§ Data supplied:
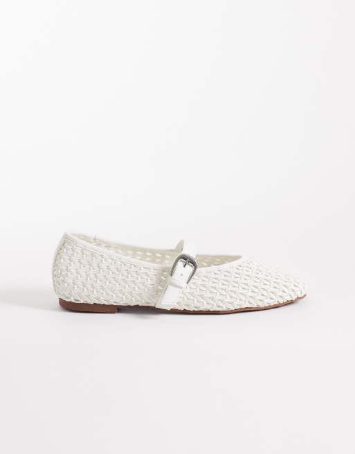ASOS DESIGN Leah weave mary jane ballet flats in white
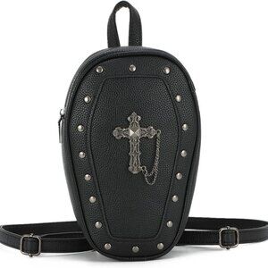 Features: Compact coffin-shaped bag with a unique gothic vibe, perfect for adding a touch of edge to any outfit. Features a convertible strap so you can wear as a backpack, shoulder bag, or crossbody. Spacious enough for keys, phone, wallet, and lipstick, making it great for Halloween parties or daily errands.
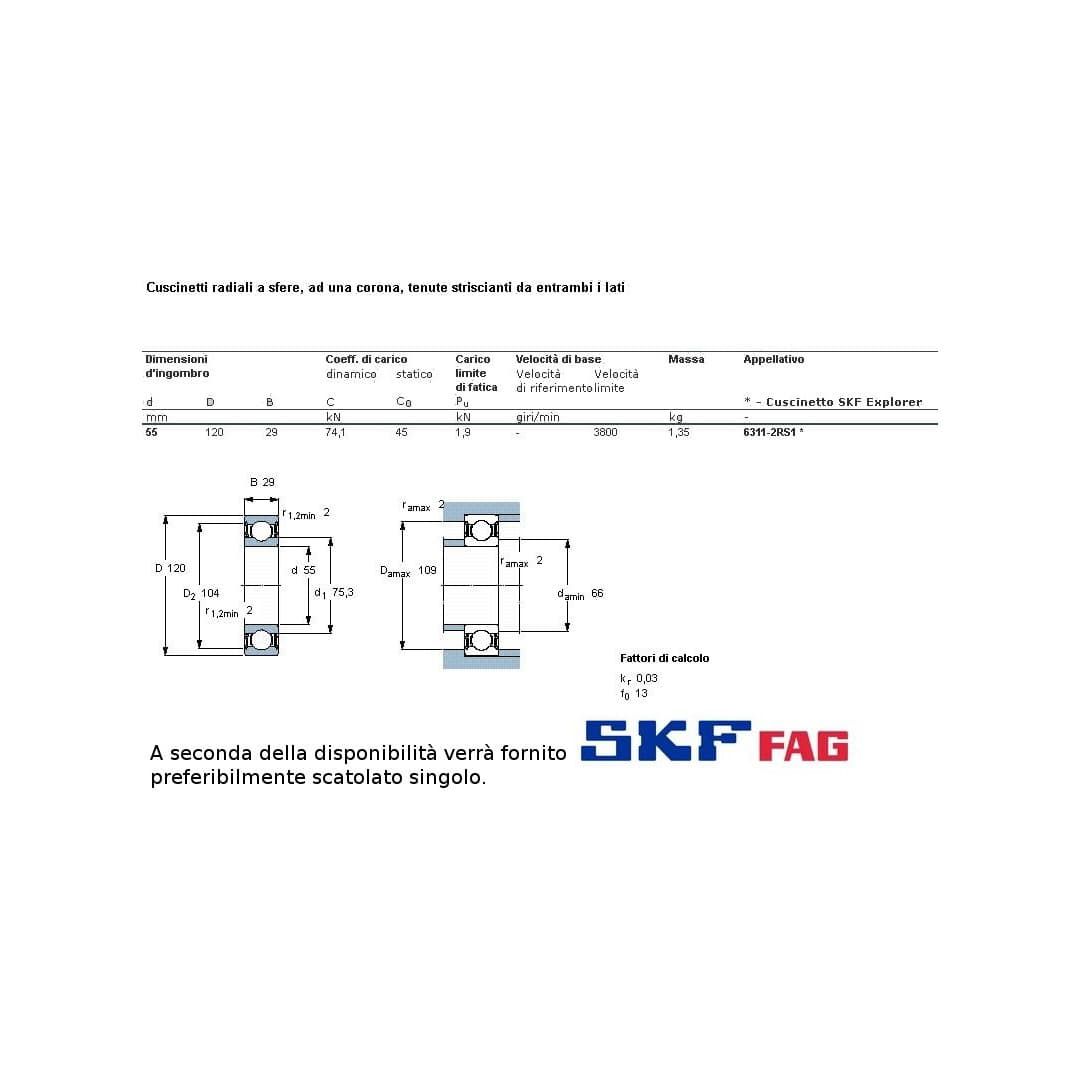 cuscinetto ad un giro di sfere a schermatura stagna (in gomma) a carico radiale.Int. mm.55 - Est. 120mm. - Spessore mm.29 SERIE PESANTE
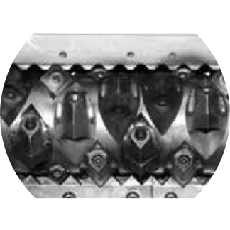此刀輥是針對ABS.PC.尼龍等堅硬材料進行特殊設計。刀具沉入較深,單次切料較少,減少沖擊,同時降低噪音。
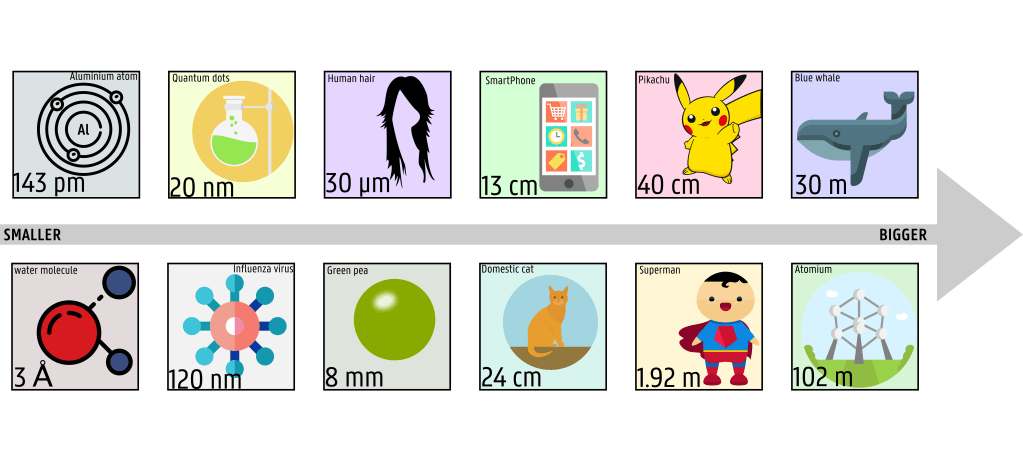 So what are nanomaterials? Any dictionary you open will tell you that it is something that has a size in the nanometre (notation: nm) range – and that a nanometre is equivalent to 10-9 m (or 1/1000000000 of a meter). Ok, so something small. But how small exactly? Let’s start by something quite familiar to us: a green pea, it has an average diameter of 8 mm (or 8×10-3 m), it fits in your hand easily, and it is visible with the naked eye ~ easy-peasy. Now, let’s try something familiar again but smaller: a hair. OK, depending on your type of hair, it might not always be exactly the same, but it will most definitively be in the tens of micrometer (μm) range – which is equivalent to 10-6 m (1/1000000 of a meter). A single hair you should still be able to hold between fingers, though you might need some contrast and better light to be able to see it with your eye. And you will definitively need an optical microscope to see it properly (to see its texture, all the different parts, the damaged end…). And after that, there is not much our own eye can see – without some help from special microscopes. So now, we will have to leave the tangible and continue to dive in scale. If we take something like a common influenza virus, then it is usually around hundreds of nanometre (nm). Ah! So is this a nanomaterial? We cannot see it and touch it (in the sense of feeling its presence on our skin), and it is in the size range of 10-9 m. Well, to be fair, it is still slightly too “big” to be qualified as a nanomaterial. At least, for people like us who work with nanomaterial in the range of tens of nanometres. Typically, some will defined the “actual” range of nanomaterials to be 1-20 nm, but some extent it up to at least 100 nm. It all depends on what you plan to do with it.
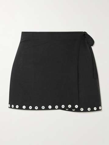 Zandra button-detailed linen-blend mini wrap skirt
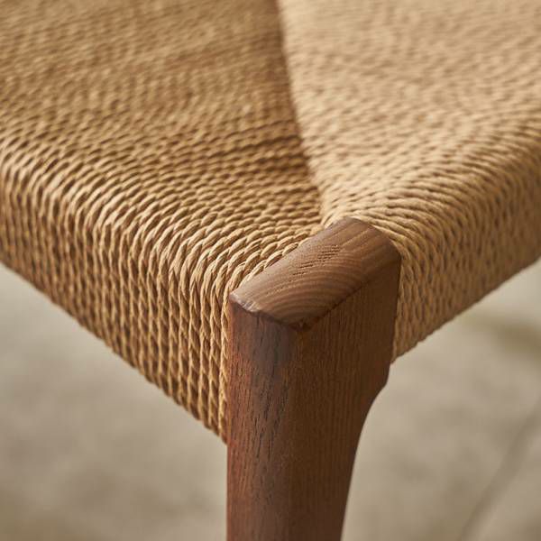 座面にペーパーコードを張った、ナチュラル感あふれる木製チェア。
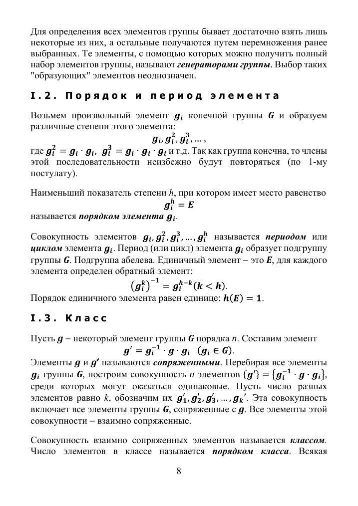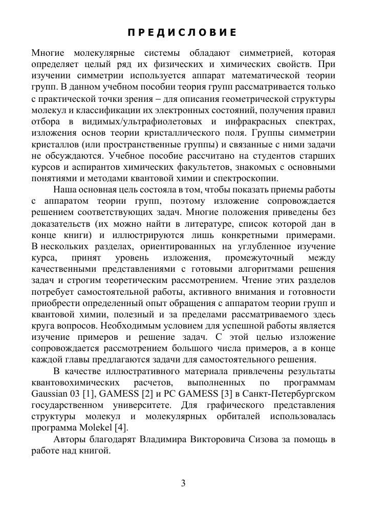 Изложены основы теоретико-группового анализа геометрического и электронного строения молекулярных систем. Даны необходимые вводные сведения из теории групп. Аппарат теории групп рассматривается как основа классификации электронных состояний молекул. Рассмотрено приложение теоретико-групповых методов к задачам колебательной и электронной спектроскопии. Показана роль этих методов в теории кристаллического поля. Особое внимание уделено прикладным вопросам, многочисленные примеры позволяют не только познакомиться с общими представлениями, но и научиться пользоваться излагаемым материалом. В конце каждой главы предлагаются задачи для самостоятельной работы.Учебное пособие рассчитано на студентов и аспирантов химических факультетов университетов.
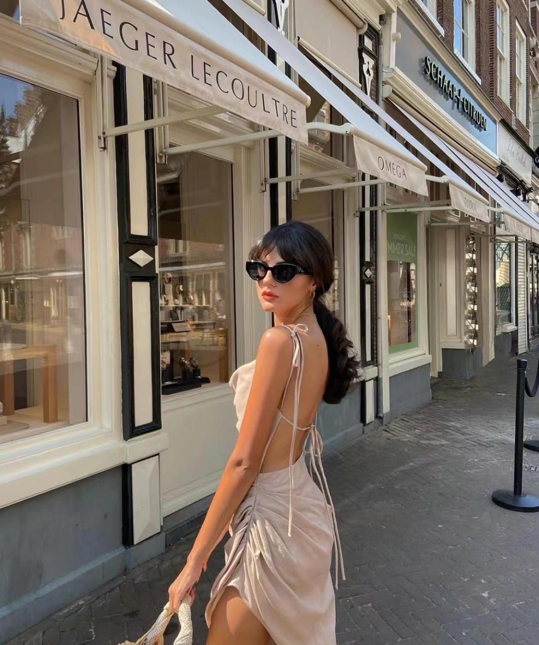 同理,在选择连衣裙时,尽量选择收腰的,从视觉上降低对身材的关注度,或适当拉高腰线,整体看起来更加显瘦。H型的筒们
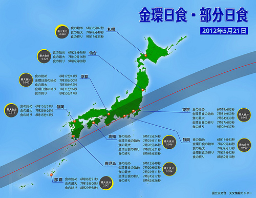 2012年5月21日(月)朝は、全国で金環日食・部分日食を観ることができるそうだ。
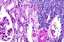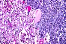 | Micrograph of a metanephric adenoma with structures reminiscent of those seen in papillary renal cell carcinoma. H&E stain. | |
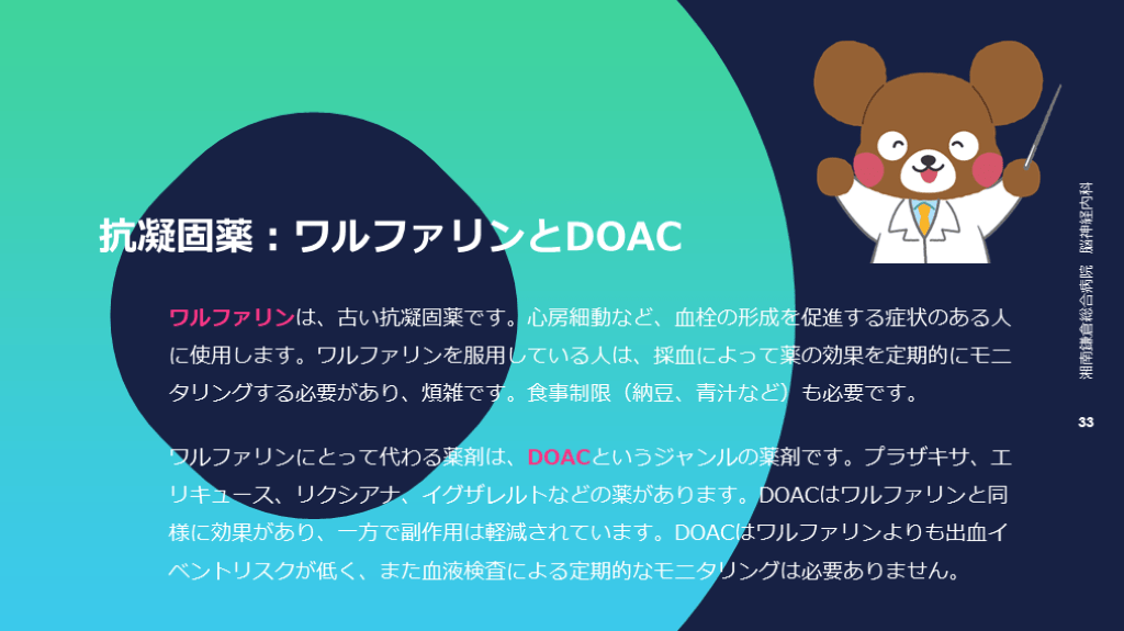 ワルファリンにとって代わる薬剤は、DOACというジャンルの薬剤です。プラザキサ、エリキュース、リクシアナ、イグザレルトなどの薬があります。DOACはワルファリンと同様に効果があり、一方で副作用は軽減されています。DOACはワルファリンよりも出血イベントリスクが低く、また血液検査による定期的なモニタリングは必要ありません。 #34.
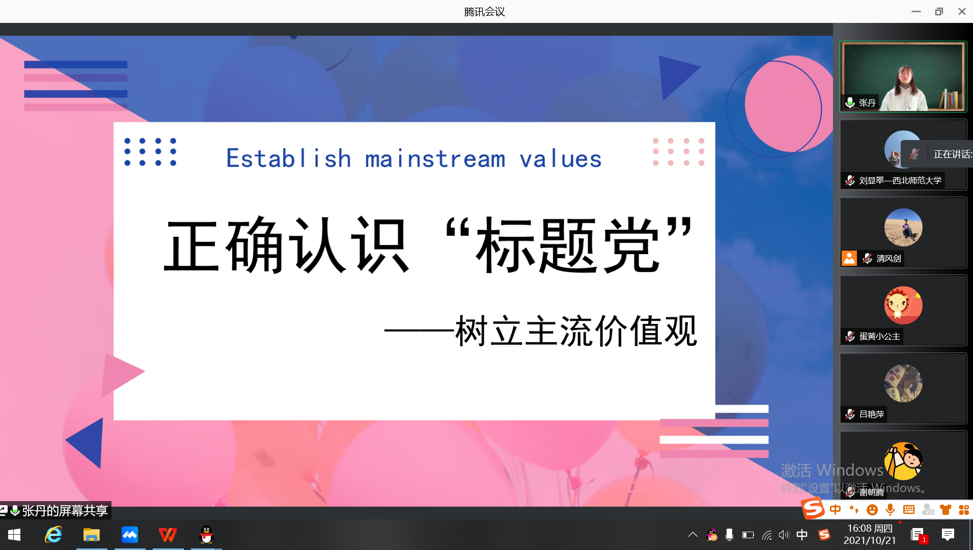 2021年10月21日,学院组织第二届全国大学生心理辅导课教学创新展示会选拔工作。受新冠疫情影响,此次活动以线上方式举行。来自350vip浦京集团官网的评委老师、专业教师和学生60余人参加了活动。会议由350vip浦京集团官网副院长康廷虎教授主持。
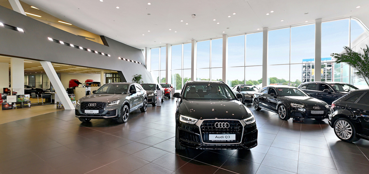 …zumindest solange das Portfolio der Marke mit den 4-Ringen so schön stillsteht wie für die jüngste 360°-Aufnahme. So letzte Woche in einem Hamburger Audi-Haus der neueren Generation. Die Decken sind hoch, der Raum öffnet sich weit. Eine sehr interessante Architektur mit spannenden Diagonalen und großen Fensterflächen mit viel Tageslicht, welches „gebändigt“ werden will. Das fertige Panorama ist unter der Rubrik 360° zu sehen.

§ Action item: Both the line above containing "2012年5月21日(月)朝" and the line containing "2021年10月21日,学院" belong in the copy, along with every line between them; print these exactly and omit the pictures.

§ Response area:
 2012年5月21日(月)朝は、全国で金環日食・部分日食を観ることができるそうだ。
 | Micrograph of a metanephric adenoma with structures reminiscent of those seen in papillary renal cell carcinoma. H&E stain. | |
 ワルファリンにとって代わる薬剤は、DOACというジャンルの薬剤です。プラザキサ、エリキュース、リクシアナ、イグザレルトなどの薬があります。DOACはワルファリンと同様に効果があり、一方で副作用は軽減されています。DOACはワルファリンよりも出血イベントリスクが低く、また血液検査による定期的なモニタリングは必要ありません。 #34.
 2021年10月21日,学院组织第二届全国大学生心理辅导课教学创新展示会选拔工作。受新冠疫情影响,此次活动以线上方式举行。来自350vip浦京集团官网的评委老师、专业教师和学生60余人参加了活动。会议由350vip浦京集团官网副院长康廷虎教授主持。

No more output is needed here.